Look below for the lines from the one with "Pvc pásový záves" to the one with "Immunohistological levels of", and copy exactly those lines, both ends included.

_Provided information_.
....
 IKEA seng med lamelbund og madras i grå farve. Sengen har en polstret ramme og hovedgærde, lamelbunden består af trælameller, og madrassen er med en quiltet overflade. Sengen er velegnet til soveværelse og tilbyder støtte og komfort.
....
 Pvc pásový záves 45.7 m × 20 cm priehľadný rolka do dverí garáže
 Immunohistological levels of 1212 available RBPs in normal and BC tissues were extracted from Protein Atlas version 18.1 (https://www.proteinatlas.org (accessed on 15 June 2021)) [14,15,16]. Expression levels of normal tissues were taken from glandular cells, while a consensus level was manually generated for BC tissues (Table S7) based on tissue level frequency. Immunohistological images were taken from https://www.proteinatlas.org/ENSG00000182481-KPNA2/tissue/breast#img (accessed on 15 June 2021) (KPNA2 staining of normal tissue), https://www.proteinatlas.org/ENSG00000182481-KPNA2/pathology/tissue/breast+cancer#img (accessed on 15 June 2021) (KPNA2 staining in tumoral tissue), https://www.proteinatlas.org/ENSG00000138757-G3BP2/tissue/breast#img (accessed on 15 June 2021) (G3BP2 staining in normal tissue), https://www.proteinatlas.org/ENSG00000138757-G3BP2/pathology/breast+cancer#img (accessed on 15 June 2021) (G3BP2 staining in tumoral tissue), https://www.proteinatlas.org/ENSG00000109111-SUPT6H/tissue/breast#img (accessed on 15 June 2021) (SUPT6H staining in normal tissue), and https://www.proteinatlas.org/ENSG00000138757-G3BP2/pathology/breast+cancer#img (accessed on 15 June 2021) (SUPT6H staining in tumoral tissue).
....
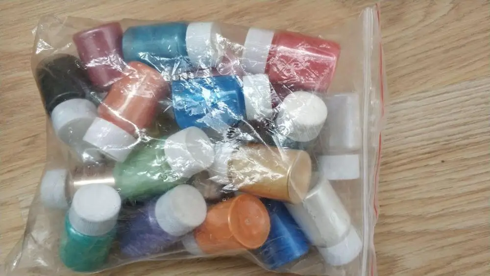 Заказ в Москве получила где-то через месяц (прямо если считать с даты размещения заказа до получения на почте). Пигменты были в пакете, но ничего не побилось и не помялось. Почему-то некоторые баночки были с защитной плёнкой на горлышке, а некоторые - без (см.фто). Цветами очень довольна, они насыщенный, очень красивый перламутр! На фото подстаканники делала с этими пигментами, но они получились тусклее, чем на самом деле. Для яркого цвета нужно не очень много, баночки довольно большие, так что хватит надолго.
....
_Task result_.
 Pvc pásový záves 45.7 m × 20 cm priehľadný rolka do dverí garáže
 Immunohistological levels of 1212 available RBPs in normal and BC tissues were extracted from Protein Atlas version 18.1 (https://www.proteinatlas.org (accessed on 15 June 2021)) [14,15,16]. Expression levels of normal tissues were taken from glandular cells, while a consensus level was manually generated for BC tissues (Table S7) based on tissue level frequency. Immunohistological images were taken from https://www.proteinatlas.org/ENSG00000182481-KPNA2/tissue/breast#img (accessed on 15 June 2021) (KPNA2 staining of normal tissue), https://www.proteinatlas.org/ENSG00000182481-KPNA2/pathology/tissue/breast+cancer#img (accessed on 15 June 2021) (KPNA2 staining in tumoral tissue), https://www.proteinatlas.org/ENSG00000138757-G3BP2/tissue/breast#img (accessed on 15 June 2021) (G3BP2 staining in normal tissue), https://www.proteinatlas.org/ENSG00000138757-G3BP2/pathology/breast+cancer#img (accessed on 15 June 2021) (G3BP2 staining in tumoral tissue), https://www.proteinatlas.org/ENSG00000109111-SUPT6H/tissue/breast#img (accessed on 15 June 2021) (SUPT6H staining in normal tissue), and https://www.proteinatlas.org/ENSG00000138757-G3BP2/pathology/breast+cancer#img (accessed on 15 June 2021) (SUPT6H staining in tumoral tissue).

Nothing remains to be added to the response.